_Information supplied:_
○ ○ ○ ○ ○ ○ ○

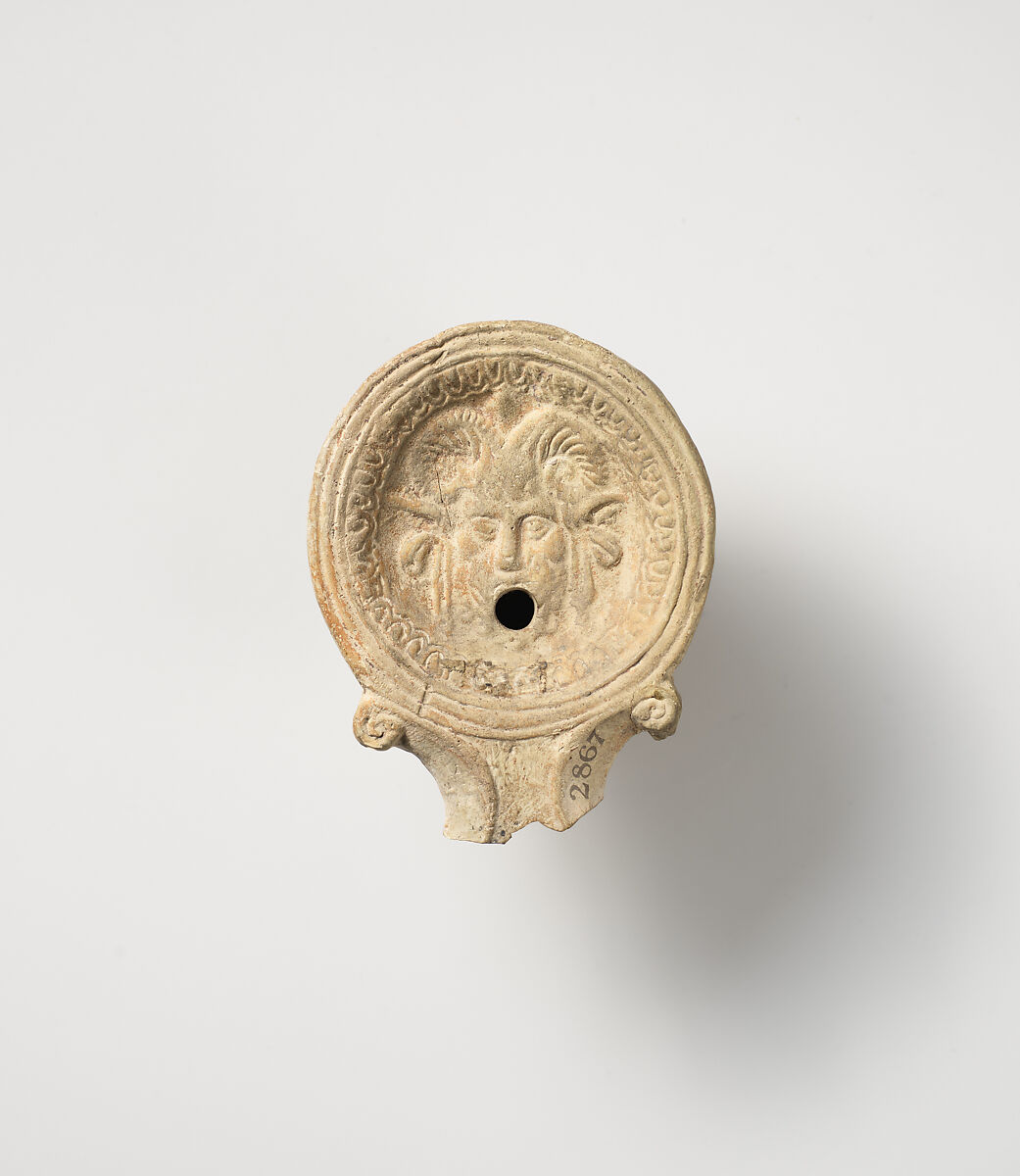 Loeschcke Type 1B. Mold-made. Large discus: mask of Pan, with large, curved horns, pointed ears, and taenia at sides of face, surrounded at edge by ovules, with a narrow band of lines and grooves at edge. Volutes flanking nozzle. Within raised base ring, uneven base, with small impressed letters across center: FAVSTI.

○ ○ ○ ○ ○ ○ ○

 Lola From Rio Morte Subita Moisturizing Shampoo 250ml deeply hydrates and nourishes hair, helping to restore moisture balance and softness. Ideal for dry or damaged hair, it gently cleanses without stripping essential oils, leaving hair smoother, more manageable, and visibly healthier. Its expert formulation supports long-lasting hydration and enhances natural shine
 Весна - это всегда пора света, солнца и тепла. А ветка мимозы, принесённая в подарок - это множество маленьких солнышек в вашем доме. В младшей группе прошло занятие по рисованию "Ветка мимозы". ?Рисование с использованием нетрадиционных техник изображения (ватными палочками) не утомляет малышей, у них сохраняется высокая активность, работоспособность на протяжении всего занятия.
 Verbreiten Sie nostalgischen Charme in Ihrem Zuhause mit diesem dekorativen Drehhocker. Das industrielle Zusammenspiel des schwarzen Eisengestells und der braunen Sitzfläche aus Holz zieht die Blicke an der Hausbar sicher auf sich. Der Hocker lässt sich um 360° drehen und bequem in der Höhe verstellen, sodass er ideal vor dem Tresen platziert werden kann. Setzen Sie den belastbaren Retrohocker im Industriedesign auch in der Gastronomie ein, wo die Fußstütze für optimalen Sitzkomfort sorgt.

○ ○ ○ ○ ○ ○ ○

_Assignment:_ Would you retype the lines above from the one with "Весна - это" down to the one with "Verbreiten Sie nostalgischen", word for word, both ends included and no other lines?

_Response for this exercise:_
 Весна - это всегда пора света, солнца и тепла. А ветка мимозы, принесённая в подарок - это множество маленьких солнышек в вашем доме. В младшей группе прошло занятие по рисованию "Ветка мимозы". ?Рисование с использованием нетрадиционных техник изображения (ватными палочками) не утомляет малышей, у них сохраняется высокая активность, работоспособность на протяжении всего занятия.
 Verbreiten Sie nostalgischen Charme in Ihrem Zuhause mit diesem dekorativen Drehhocker. Das industrielle Zusammenspiel des schwarzen Eisengestells und der braunen Sitzfläche aus Holz zieht die Blicke an der Hausbar sicher auf sich. Der Hocker lässt sich um 360° drehen und bequem in der Höhe verstellen, sodass er ideal vor dem Tresen platziert werden kann. Setzen Sie den belastbaren Retrohocker im Industriedesign auch in der Gastronomie ein, wo die Fußstütze für optimalen Sitzkomfort sorgt.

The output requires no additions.